In short, taxes are a poor form of behavior modification and motives of the modifiers are made highly suspect by this ongoing rearranging of targets.
What makes schemes such as this attractive is the notion that good ideas deserve funding and every tyrant knows that to make it work it must be mandatory; since no one has to smoke or drink booze or gamble but everyone has to eat, a tax on food will guarantee funding regardless of the outcomes.
Now comes the hard part and that is selling the idea that such a tax on a need is really only a tax on excess so look for exemptions for certain foods in the beginning with escalating taxes and broader coverage for those items taxed as the movement gathers steam.

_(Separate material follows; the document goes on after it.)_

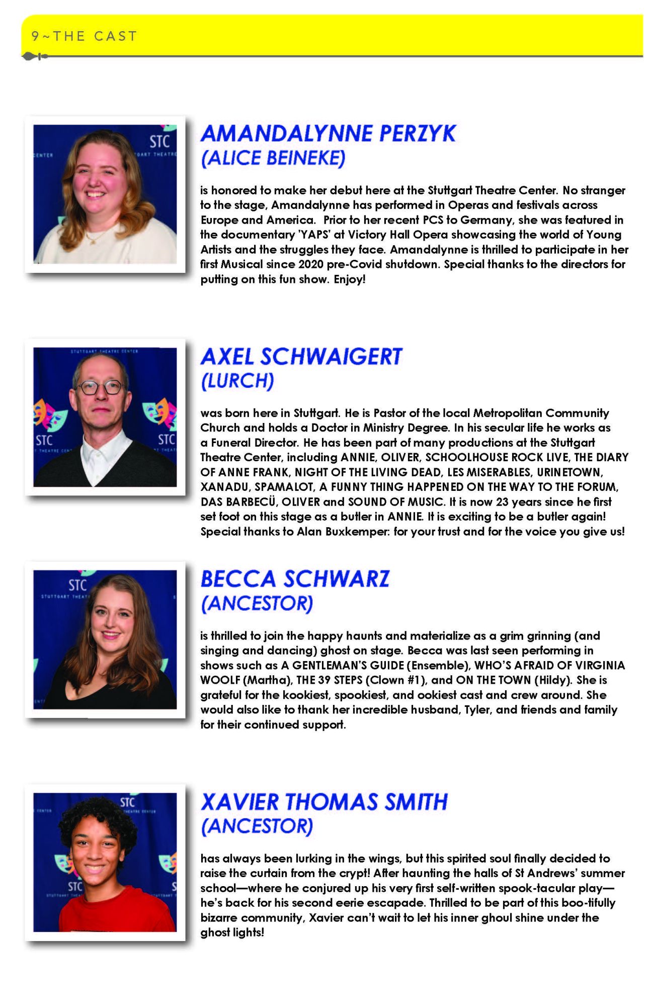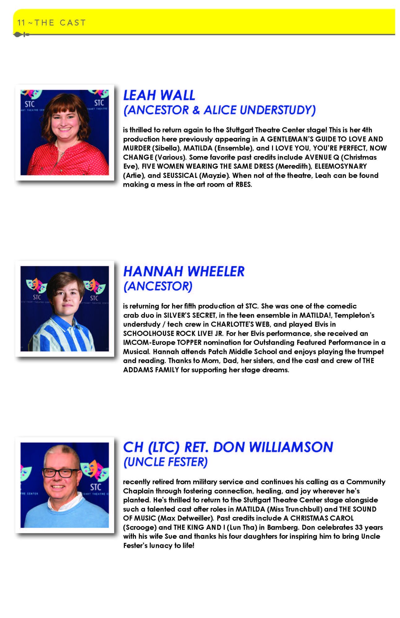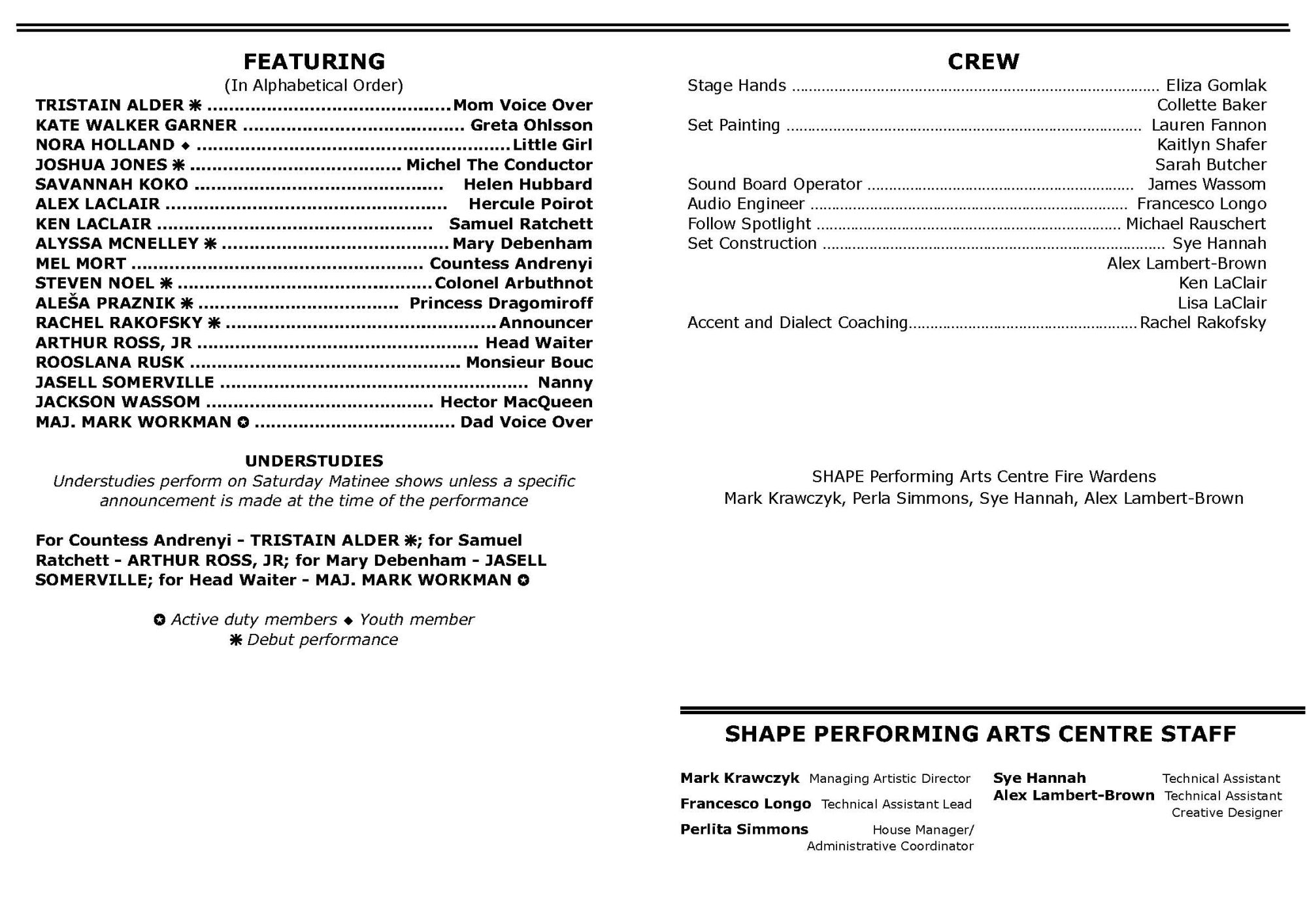 Dane has received numerous awards for his direction, set and lighting designs, and innovative programming. He was awarded with the AACT David C. Bryant Outstanding Service Award; the US Army Entertainment James T. Martin Lifetime Service Award; and numerous Commanders’ Achievement and Civilian Service Medals. Dane’s programming and theatre direction has earned four US Army Entertainment Irving Berlin Awards.
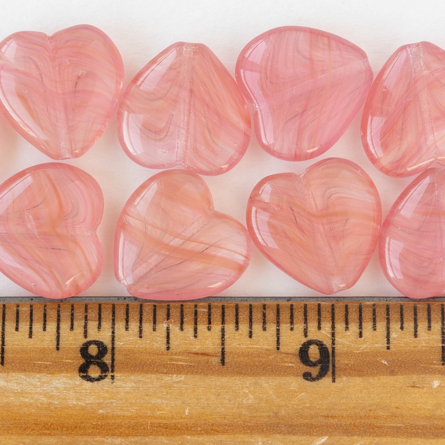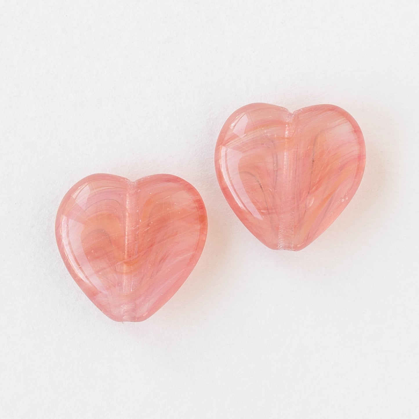All available inventory for 16mm Glass Heart Beads - Light Pink Striped - 10 beads has been added to the cart.

You’d think that after being shafted so many times that more people would quit bending over to pick up the pieces.
>.Youd think that after being shafted so many times that more people would quit bending over to pick up the pieces.
History shows the opposite usually happens until some cataclysmic series of events causes change, usually at some very high cost and not always for the better.
We simply get used to it, as currently, our personal sphere shrinks and the public one increasingly encroaches upon ALL facets of our lives.